The primary job here is simple: make AES internals understandable enough that you can implement a toy version, read production code with confidence, and know when something looks wrong.
1. Prerequisites and Safety Checklist
You do not need advanced math. You do need:
- Basic hex and binary.
- Comfort reading arrays and simple loops.
- A healthy respect for cryptography in production.
Important safety note:
- Treat this as a learning overview.
- For real systems, use well tested libraries like OpenSSL, libsodium, BoringSSL, or platform APIs instead of your own AES code.
- Never test on data that you cannot afford to lose. Keep backups before you change any crypto code.
2. Quick Map of AES Internals
AES is a block cipher with:
- Block size: 128 bits (16 bytes).
- Key sizes: 128, 192, or 256 bits.
- Rounds: 10, 12, or 14, based on key size.
Internally, AES keeps the block as a 4 by 4 byte grid called the state. Bytes fill it column by column:
| State positions | Column 0 | Column 1 | Column 2 | Column 3 |
|---|---|---|---|---|
| Row 0 | b0 | b4 | b8 | b12 |
| Row 1 | b1 | b5 | b9 | b13 |
| Row 2 | b2 | b6 | b10 | b14 |
| Row 3 | b3 | b7 | b11 | b15 |
Every round transforms this grid. The transforms are always:
- SubBytes
- ShiftRows
- MixColumns
- AddRoundKey
The first “round” only does AddRoundKey. The final round skips MixColumns.
The key schedule feeds those round keys into AddRoundKey.
3. How to Follow One AES Block Through a Round
This is the “how to read AES like a technician” section. Use it while you stare at code, whiteboard sketches, or a textbook diagram.
3.1. Step 1: Arrange 16 bytes into the state

- Action: Take your 16 byte plaintext and put it into the 4 by 4 state column by column.
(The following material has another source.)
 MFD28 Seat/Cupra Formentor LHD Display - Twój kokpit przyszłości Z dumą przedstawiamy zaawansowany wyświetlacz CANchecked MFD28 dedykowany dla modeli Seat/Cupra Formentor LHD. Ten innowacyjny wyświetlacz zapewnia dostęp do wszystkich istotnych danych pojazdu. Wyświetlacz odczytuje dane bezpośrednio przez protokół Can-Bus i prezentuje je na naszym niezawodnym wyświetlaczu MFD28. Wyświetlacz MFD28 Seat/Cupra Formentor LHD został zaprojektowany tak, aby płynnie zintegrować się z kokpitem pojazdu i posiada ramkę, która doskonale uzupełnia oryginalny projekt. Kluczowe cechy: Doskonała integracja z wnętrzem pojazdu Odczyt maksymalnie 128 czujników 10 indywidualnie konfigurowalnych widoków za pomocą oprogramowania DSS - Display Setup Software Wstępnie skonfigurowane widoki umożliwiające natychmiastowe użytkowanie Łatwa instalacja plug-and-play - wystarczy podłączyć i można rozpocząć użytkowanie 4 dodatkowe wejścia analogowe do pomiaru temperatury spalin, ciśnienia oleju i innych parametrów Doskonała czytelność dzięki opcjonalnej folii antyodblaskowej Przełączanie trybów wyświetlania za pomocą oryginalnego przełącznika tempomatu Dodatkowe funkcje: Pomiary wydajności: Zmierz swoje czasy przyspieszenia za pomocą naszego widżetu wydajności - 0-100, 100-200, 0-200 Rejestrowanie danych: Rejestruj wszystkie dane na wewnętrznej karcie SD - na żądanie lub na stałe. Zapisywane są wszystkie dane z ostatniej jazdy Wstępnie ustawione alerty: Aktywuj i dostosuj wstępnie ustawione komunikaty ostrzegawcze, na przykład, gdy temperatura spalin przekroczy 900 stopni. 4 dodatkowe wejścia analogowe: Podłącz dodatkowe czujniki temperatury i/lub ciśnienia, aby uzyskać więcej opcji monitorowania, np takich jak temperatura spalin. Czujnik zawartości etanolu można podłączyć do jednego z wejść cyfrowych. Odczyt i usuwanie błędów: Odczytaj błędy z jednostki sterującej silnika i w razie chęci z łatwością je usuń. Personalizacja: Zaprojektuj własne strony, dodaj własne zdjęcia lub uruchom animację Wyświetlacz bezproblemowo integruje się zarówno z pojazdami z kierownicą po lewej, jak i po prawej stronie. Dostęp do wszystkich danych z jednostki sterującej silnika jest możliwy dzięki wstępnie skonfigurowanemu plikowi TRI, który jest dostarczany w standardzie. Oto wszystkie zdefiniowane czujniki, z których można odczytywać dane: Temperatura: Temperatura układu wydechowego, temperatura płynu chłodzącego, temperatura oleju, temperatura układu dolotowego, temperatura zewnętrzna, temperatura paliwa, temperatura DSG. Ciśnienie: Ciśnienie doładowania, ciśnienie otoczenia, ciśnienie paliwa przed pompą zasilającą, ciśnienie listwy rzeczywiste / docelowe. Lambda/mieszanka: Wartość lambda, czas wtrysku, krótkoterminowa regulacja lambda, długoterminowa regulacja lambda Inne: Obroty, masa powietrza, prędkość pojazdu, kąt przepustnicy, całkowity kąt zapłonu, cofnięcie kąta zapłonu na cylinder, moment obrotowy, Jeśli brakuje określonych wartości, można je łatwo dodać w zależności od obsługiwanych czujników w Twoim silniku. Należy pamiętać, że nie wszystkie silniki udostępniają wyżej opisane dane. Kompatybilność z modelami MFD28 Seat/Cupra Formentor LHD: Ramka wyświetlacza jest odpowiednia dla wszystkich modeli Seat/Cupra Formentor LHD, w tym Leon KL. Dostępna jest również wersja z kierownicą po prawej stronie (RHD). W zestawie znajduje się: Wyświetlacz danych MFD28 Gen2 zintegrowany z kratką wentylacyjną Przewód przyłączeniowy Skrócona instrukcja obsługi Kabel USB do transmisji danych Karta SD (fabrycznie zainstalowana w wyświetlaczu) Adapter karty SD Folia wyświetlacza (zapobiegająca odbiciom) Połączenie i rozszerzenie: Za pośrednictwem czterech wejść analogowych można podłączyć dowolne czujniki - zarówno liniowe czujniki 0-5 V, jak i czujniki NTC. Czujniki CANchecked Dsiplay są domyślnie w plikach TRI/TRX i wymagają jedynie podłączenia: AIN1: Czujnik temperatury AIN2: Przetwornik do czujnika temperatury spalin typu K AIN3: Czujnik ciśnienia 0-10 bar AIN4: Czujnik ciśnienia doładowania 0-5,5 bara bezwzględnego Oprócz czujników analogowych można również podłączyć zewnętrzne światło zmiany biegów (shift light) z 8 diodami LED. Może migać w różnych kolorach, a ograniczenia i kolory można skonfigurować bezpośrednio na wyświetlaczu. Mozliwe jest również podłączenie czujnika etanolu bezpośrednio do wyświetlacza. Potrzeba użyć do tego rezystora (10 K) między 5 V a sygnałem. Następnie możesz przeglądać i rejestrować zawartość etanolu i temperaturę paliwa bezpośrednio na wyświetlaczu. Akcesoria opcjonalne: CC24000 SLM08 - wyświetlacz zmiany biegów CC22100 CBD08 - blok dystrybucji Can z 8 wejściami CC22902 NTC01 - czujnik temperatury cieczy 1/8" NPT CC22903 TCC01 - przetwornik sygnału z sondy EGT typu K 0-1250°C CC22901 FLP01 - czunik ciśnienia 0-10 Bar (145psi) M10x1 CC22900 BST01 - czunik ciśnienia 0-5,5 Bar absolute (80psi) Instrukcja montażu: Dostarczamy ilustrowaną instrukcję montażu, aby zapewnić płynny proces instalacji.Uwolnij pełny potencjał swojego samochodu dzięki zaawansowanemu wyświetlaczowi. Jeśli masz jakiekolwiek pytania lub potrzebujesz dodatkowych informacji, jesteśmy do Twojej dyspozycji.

- Plaintext (hex, example from FIPS 197): 00 11 22 33 44 55 66 77 88 99 aa bb cc dd ee ff
- State after load:
| Col0 | Col1 | Col2 | Col3 | |
|---|---|---|---|---|
| Row0 | 00 | 44 | 88 | cc |
| Row1 | 11 | 55 | 99 | dd |
| Row2 | 22 | 66 | aa | ee |
| Row3 | 33 | 77 | bb | ff |
- Screenshot idea: show this grid next to the flat hex string.
- Gotcha: many libraries index row by row instead. Always check their layout.
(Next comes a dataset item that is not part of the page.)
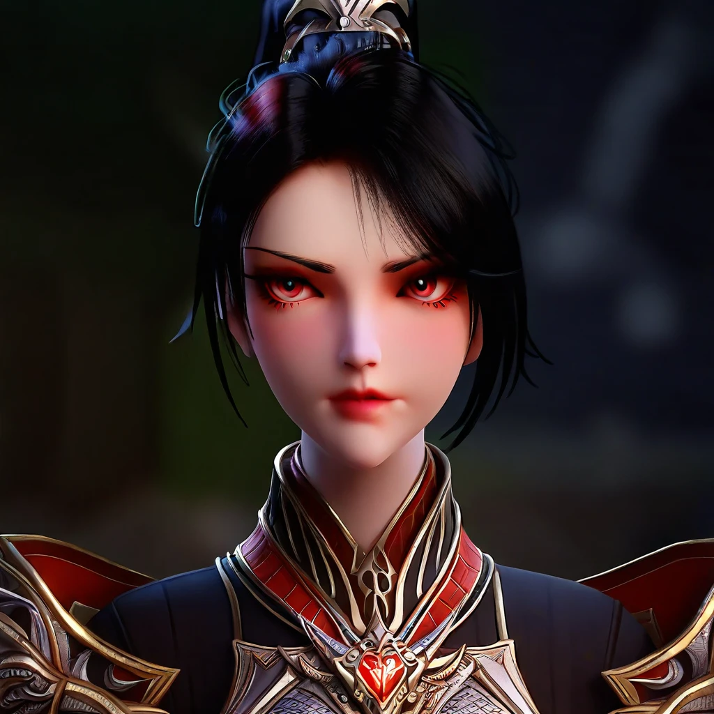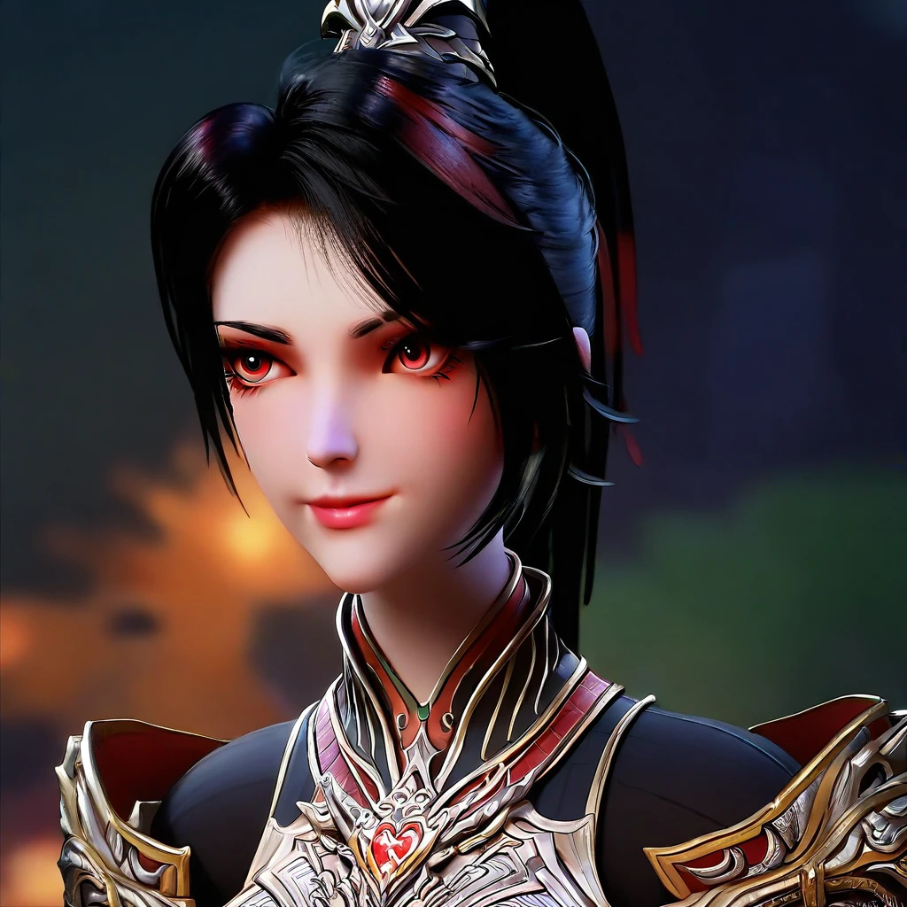 The supreme waifu Wang Yuanyuan: Wang Yuanyuan, high ponytail, red eyes, red lips, armor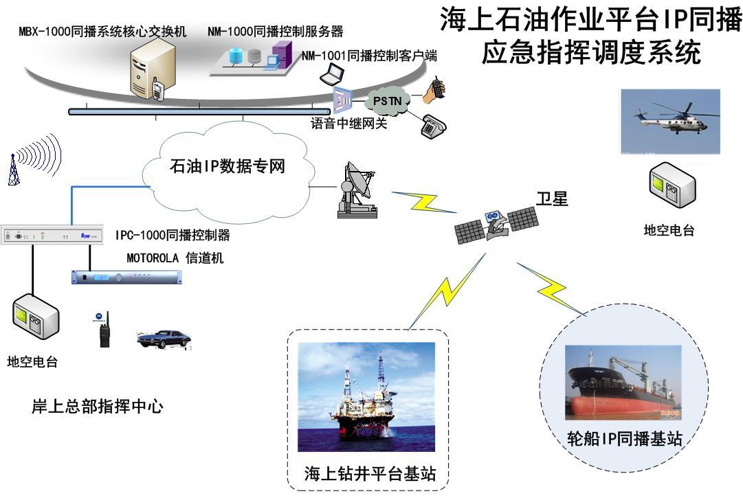 實(shí)現(xiàn)整個(gè)油田群主平臺(tái)的互聯(lián)互通。有專門有線電話接入口,接入無線同播系統(tǒng),可以使陸地用戶直接與海上通信,做為應(yīng)急直接聯(lián)絡(luò)備用手段。

3.2. Step 2: Initial AddRoundKey
- Action: XOR each state byte with the first 16 bytes of expanded key.
- This ties the data to the key before any confusing mixing starts.
- Screenshot idea: same grid, with original bytes and key bytes side by side.
- Gotcha: if your state layout is wrong, this XOR will still run but every later value will be off.
3.3. Step 3: SubBytes
- Action: For each byte in the state, look it up in the AES S box and replace it.
- The S box is a fixed 16 by 16 table of 256 values. Each input byte picks one row by its upper 4 bits and one column by its lower 4 bits.
- Example: Byte 0x53 goes to row 5, column 3 and becomes 0xed according to the standard table.
- Screenshot idea: raw state on the left, state after S box on the right.
- Gotcha: do not use a random S box from a blog. Use the official table from FIPS 197 and keep it exact.
3.4. Step 4: ShiftRows

- Action: Rotate each row to the left by a fixed offset.
- Row 0 stays the same.
- Row 1 shifts left by one byte.
- Row 2 shifts left by two bytes.
- Row 3 shifts left by three bytes.
- Screenshot idea: two state grids with arrows across each row.
- Gotcha: many mistakes come from shifting right instead of left or mixing row and column counts.
3.5. Step 5: MixColumns
- Action: Treat each column as a 4 byte vector and multiply it by a fixed 4 by 4 matrix, inside the finite field GF(2^8).
- The matrix is: 02 03 01 01, 01 02 03 01, 01 01 02 03, 03 01 01 02
- Each new column entry is a sum of these multiples, where sums are XORs and multiplications are done with shift and conditional XOR with 0x1b.
- Screenshot idea: show one column before and after, plus the 4 by 4 matrix.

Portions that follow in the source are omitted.